Friday, March 16, 2012

Week 9: A wide world of comics

I read The Nikopol Trilogy by Enki Bilal. It was a really strange read. I don't know if I tried too hard to find something to like about the story, or whether I was just not in the mood to enjoy it as much as I expected too. Maybe that was it. Maybe it was the fact that I expected something really grand of a graphic novel that was in production for over 12 years. Overall I didn't feel that the story provided enough reality to the plot. It felt like the story just moved across orchestrated plot points that had to be hit. The pacing felt too even throughout. It felt like a train that I've ridden before. Similarly to King by Ho Che Anderson, this graphic novel shows stylistic shifts over the three chapters. The visual style remains very similar throughout The Nikopol Trilogy, but the story itself gets deeper and the artist uses more interesting ways of telling it as you progress. The first chapter introduces the basics. The second chapter explores showing a different reality via color, includes photography, and uses type outside of speech balloons as a narrative voice. The third chapter explores putting symbols and images into word balloons. It feels like many comic book artists are learning continuously as they're making them. Which gives me hope for future innovations within the medium. I liked how this artist included a large amount of absurd science fiction within this work. The giraffe print coats, green striped cats, and red haired officials make The Nikopol Trilogy a characteristically gaudy science fiction.
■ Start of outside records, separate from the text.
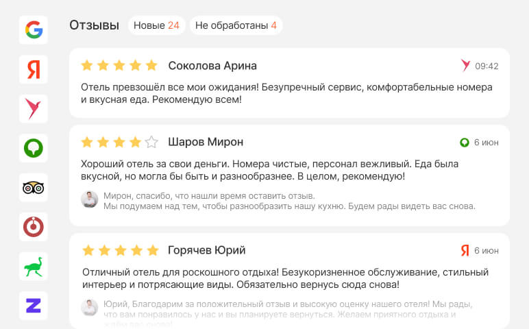 Интеллектуальная работа с отзывами. Нейросеть SabyGPT помогает оперативно и корректно отвечать на отзывы гостей с разных платформ.
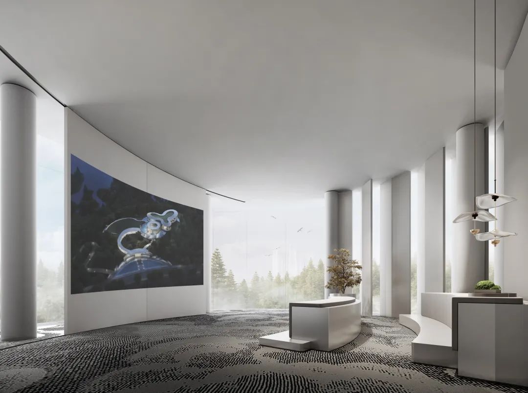 室内空间天地墙均覆以纯白,并以双曲面锥形的圆形支柱进行支撑。曲面空间让建筑室内外更加柔和,并增强双曲线柱顶的视觉效果。
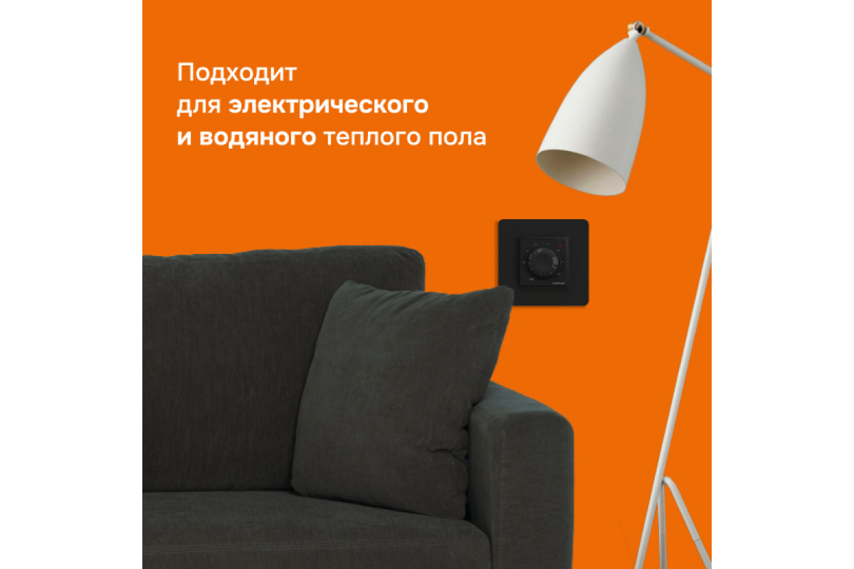 Устройство изготовлено из негорючего пластика и имеет степень защиты IP20, что обеспечивает безопасность при эксплуатации. Выносной датчик температуры пола длиной 3 метра входит в комплект поставки, обеспечивая точное измерение температуры.

As far as the visuals are concerned, I thought Bilal's strength was in showing the dilapidated nature of his science fiction environments. It all felt very grimy and unkempt. The vehicles and other technologies showed a great degree of detail that made them believable. My least favorite aspect of his work was the faces of the human characters, especially those in the first chapter. I had difficulty differentiating them from one another and they didn't seem to talk, most all of them had their lips sealed even though they were supposed to be talking. The colors weren't too great either, in my opinion, they felt a bit too local. If something was supposed to be blue, it was overwhelmingly so.